4.1.3.5.6. Consider how the potential acceptance of International
Financial Reporting Standards and international auditing standards will
impact audit market competition.
4.1.4. Consider how audit market concentration impacts audit
quality.
4.1.4.1. Consider the reasons for public companies' seeking new
auditors.
4.1.4.2. Consider whether auditing firms are competing for services
based on audit quality.
4.1.4.3. Consider the bases on which auditing firms compete today
in the United States and internationally, including an assessment of
audit fee changes when auditors compete for new audits.
4.1.5. Consider the potential consequences of a larger auditing
firm failure.
4.1.5.1. Consider the sort of risks a larger auditing firm failure
poses to the marketplace and investors.
4.1.5.2. Consider the causes of major audit failures and steps that
could be taken to prevent their reoccurrence.

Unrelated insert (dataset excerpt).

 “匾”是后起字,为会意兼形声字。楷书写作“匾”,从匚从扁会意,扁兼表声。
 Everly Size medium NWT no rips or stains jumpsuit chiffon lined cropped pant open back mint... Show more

4.1.5.3. Consider whether and, if so, how, securities and auditing
firm regulators should attempt to mitigate the risk or the impact of a
larger auditing firm failure.
4.1.6. Consider ways to increase audit market competition.
4.1.6.1. Consider the impact of auditing firm mergers on industry
competition and whether a public policy change with respect to a lack
of competition is warranted.
4.1.6.2. Consider whether regulators are now faced with a ``Too Big
to Fail'' public policy, and if so, consider whether public policy
changes are warranted and the nature of those changes.
4.1.6.3. Consider how greater auditor choice can be fostered in the
marketplace by the public and private sectors.
4.1.6.4. Consider whether there are public company sectors where
audit market choice is growing.
4.1.6.5. Consider the ability of certain auditing firms to create
niche-markets.
4.1.6.6. Consider how private sector participants, such as
underwriters and lawyers, impact audit market choice.